Ernest Ezra Mandel (/nl/; 5 April 1923 – 20 July 1995), also known by various pseudonyms such as Ernest Germain, Pierre Gousset, Henri Vallin, Walter, was a Belgian Marxian economist, Trotskyist activist and theorist, and Holocaust survivor. He fought in the underground resistance against the Nazis during the occupation of Belgium.

==Life==
Born in Frankfurt, Mandel was recruited to the Belgian section of the international Trotskyist movement, the Fourth International, in his youth in Antwerp. His parents, Henri and Rosa Mandel, were Jewish emigres from Poland, the former a member of Rosa Luxemburg's and Karl Liebknecht's Spartacist League. The beginning of Mandel's period at university was interrupted when the German occupying forces closed the university.

During World War II, while still a teenager, he joined the Belgian Trotskyist organisation alongside Abraham Leon and Martin Monath. He twice escaped after being arrested in the course of resistance activities, and survived imprisonment in the German concentration camp at Dora. After the war, he became the youngest member of the Fourth International secretariat, alongside Michel Pablo and others. He gained respect as a prolific journalist with a clear and lively style, as an orthodox Marxist theoretician, and as a talented debater. He wrote for numerous media outlets in the 1940s and 1950s including Het Parool, Le Peuple, l'Observateur and Agence France-Presse. At the height of the Cold War, he publicly defended the merits of Marxism in debates with the social democrat and future Dutch premier Joop den Uyl.
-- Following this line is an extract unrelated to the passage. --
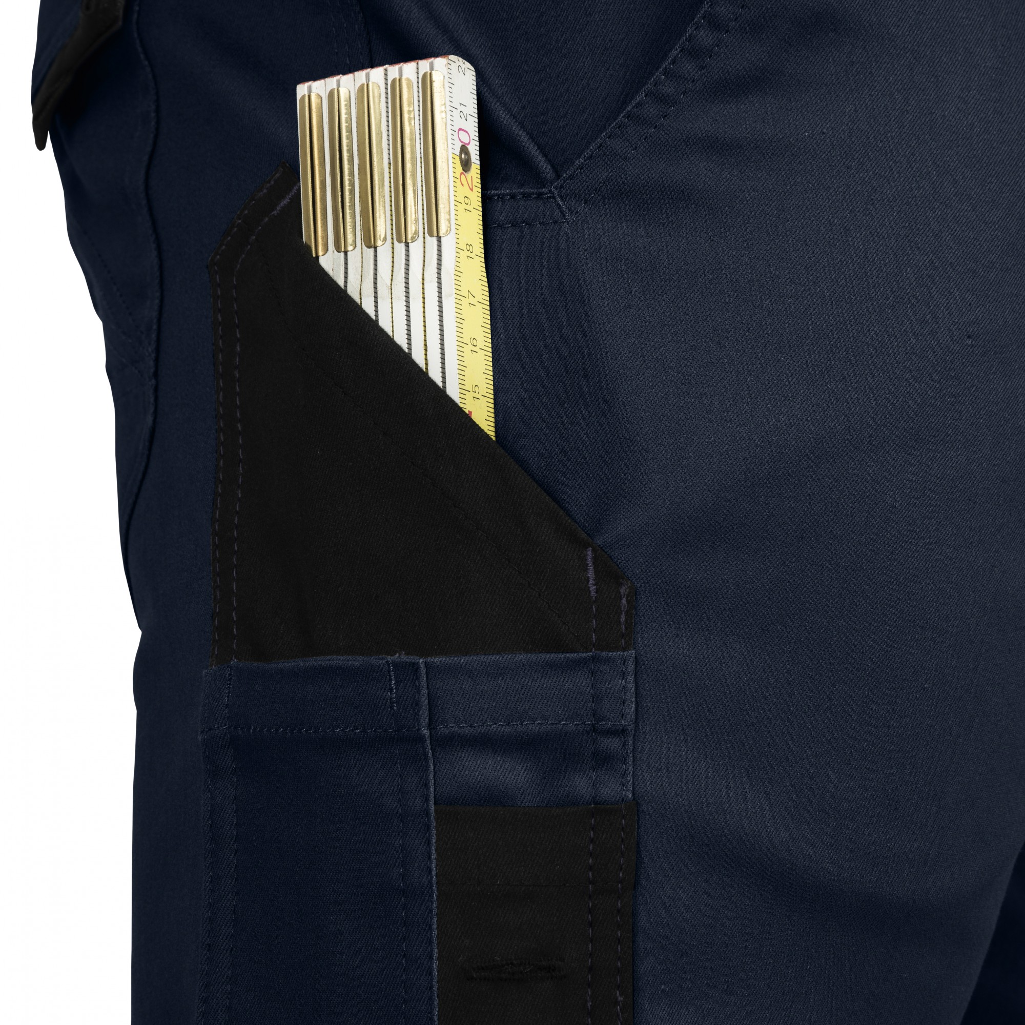 Cargo pocket with two compartments plus one zippered insert pocket and one pen pocket on the left leg

His first wife was Gisela Scholtz (1935—1982), whom he met in 1965. His second wife was Anne Sprimont, whom he met after Gisela Scholtz's death.

==Activity==
After the 1946 World Congress of the Fourth International, Mandel was elected into the leadership of the International Secretariat of the Fourth International. In line with its policy, he joined the Belgian Socialist Party where he was a leader of a militant socialist tendency, becoming editor of the socialist newspaper La Gauche (and writing for its Flemish sister publication, Links), a member of the economic studies commission of the General Federation of Belgian Labour and an associate of the Belgian syndicalist André Renard. He and his comrades were expelled from the Socialist Party not long after the Belgian general strike of 1960–61 for opposing its coalition with the Christian Democrats and its acceptance of anti-strike legislation.
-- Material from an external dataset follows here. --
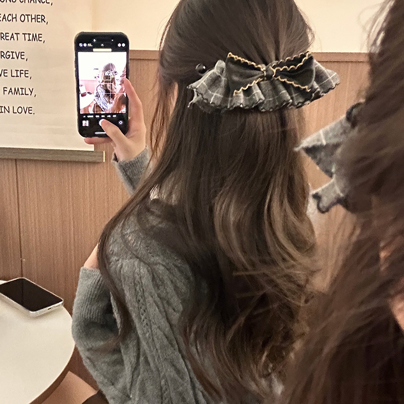 天猫美拉德裙摆蝴蝶结香蕉夹女半扎发卡气质马尾夹后脑勺盘发竖夹头饰

He was one of the main initiators of the 1963 reunification between the International Secretariat, which he led along with Michel Pablo, Pierre Frank and Livio Maitan, and the majority of the International Committee of the Fourth International, a public faction led by James Cannon's Socialist Workers Party that had withdrawn from the FI in 1953. The regroupment formed the reunified Fourth International (also known as the USFI or USec). Until his death in 1995, Mandel remained the most prominent leader and theoretician of both the USFI and of its Belgian section, the Revolutionary Workers' League.
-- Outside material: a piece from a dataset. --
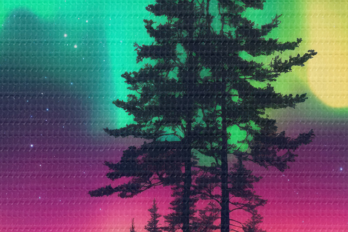 Runde Wandbilder Nordlichter über Weihnachtsbäumen Nr r39366

Until the publication of his massive book Marxist Economic Theory in French in 1962, Mandel's Marxist articles were written mainly under a variety of pseudonyms and his activities as Fourth Internationalist were little known outside the left. After publishing Marxist Economic Theory, Mandel travelled to Cuba and worked closely with Che Guevara on economic planning, after Guevara (who was fluent in French) had read the new book and encouraged Mandel's interventions.

He resumed his university studies and graduated from what is now the École Pratique des Hautes Études in Paris in 1967. Only from 1968 did Mandel become well known as a public figure and Marxist politician, touring student campuses in Europe and America giving talks on socialism, imperialism and revolution.

Although officially barred from West Germany (and several other countries at various times, including the United States, France, Switzerland, and Australia), he gained a PhD from the Free University of Berlin in 1972 (where he taught for some months), published as Late Capitalism, and he subsequently gained a lecturer position at the Free University of Brussels.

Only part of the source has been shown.